While she knew she would have to relinquish me during the pregnancy,
she did not sign the 'Consent for Adoption form' for another three
months. She struggled with her decision. After she signed the forms
she visited the social worker again needing reassurance about my
progress in my new home.
I met my foster mother once, a chance meeting in a mall. I would
not have known her if my father had not told me who she was. I was
an adolescent, awkward and shy and did not say much. Looking back
I wished I had asked her questions. I would have liked to see the
house I spent those first four months of my life in. I dream often
of houses, most creative amalgamations of past spaces. Does that
house surface somewhere like a ghostly BLUEPRINT?
My mother tells me the story of my rocking behavior the first year
I lived with them. I would rock so hard that the crib, on wheels,
would cross the room. I always thought this widely funny, especially
the story of her not being able to enter the room because the crib
was butted against the door. I realize now that it was a source
of anxiety for my mom as she worried about my adapting to another
new environment.
Studies have shown that the stress of continually adapting to new
situations at an early age can manifest itself in rocking behavior.
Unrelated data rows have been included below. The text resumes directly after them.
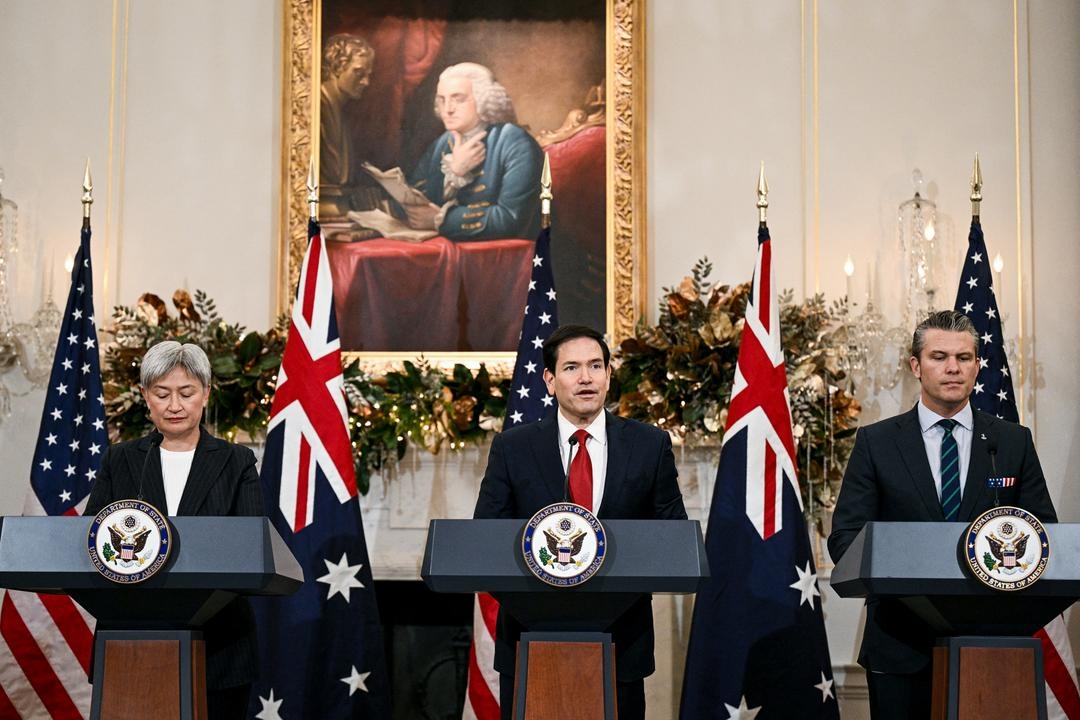 (De izquierda a derecha) La ministra de Relaciones Exteriores de Australia, Penny Wong, el secretario de Estado de EE. UU., Marco Rubio, y el secretario de Guerra de EE. UU., Pete Hegseth, pronuncian sus discursos durante la 35.ª Consulta Ministerial entre Australia y EE. UU. celebrada en Washington el 8 de diciembre de 2025. (Brendan Smilowski/AFP a través de Getty Images)La Ley de Materias Primas Críticas de Europa también exige que la mayor parte de las materias primas estratégicas se procesen dentro de la Unión Europea para 2030.
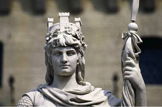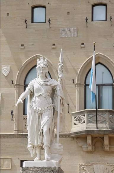自由女神高高立于基座之上,腰佩长剑,脚蹬战靴,头上戴着象征圣马力诺的要塞冠冕。她左手握住一柄长矛,右手前伸,左脚也往前迈了一步,似乎正要走上战场,颇有点希腊神话里智慧女神雅典娜的气度。
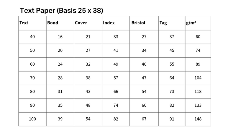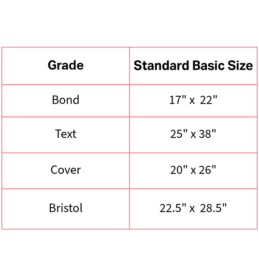 The term “basis weight” comes from how paper is measured: 500 sheets of a paper’s standard size are weighed to determine its grade. For example, if 500 sheets of 25x38” text paper weigh 70 pounds, that stock is classified as 70 lb. text.
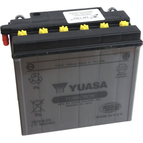 YB16-B-CX 12V-19Ah motoakumulátor YUASA. Motobaterie zasíláme suché přednabité. Po naplnění akumulátorovou kyselinou (není součástí balení) a ponechání cca 1 hodinu, je kapacita akumulátoru cca na 70%. Akumulátory Yumicron mají až o 30% vyšší výkon než běžné konvenční akumulátory.

The term MULTIPLE DISLOCATIONS is used
to describe the adjustment of the child from the initial separation
from the birthmother to the foster mother to the adoptive mother
and the effect of these changes on the consolidation of a cohesive
core self. 1
When I met my birth mother and we exchanged childhood stories,
I found out that I came from a long line of ROCKERS
that is, rocking chair fanatics. When I told my mother she
laughed but was saddened. She felt like she would have been 'better
equiped' to deal with the rocking situation had she know this little
tidbit of information. Seems to me the unknown created by
the closed system of adoption created a lot of unnecessary
anxiety for both my birthmother and adoptive mother.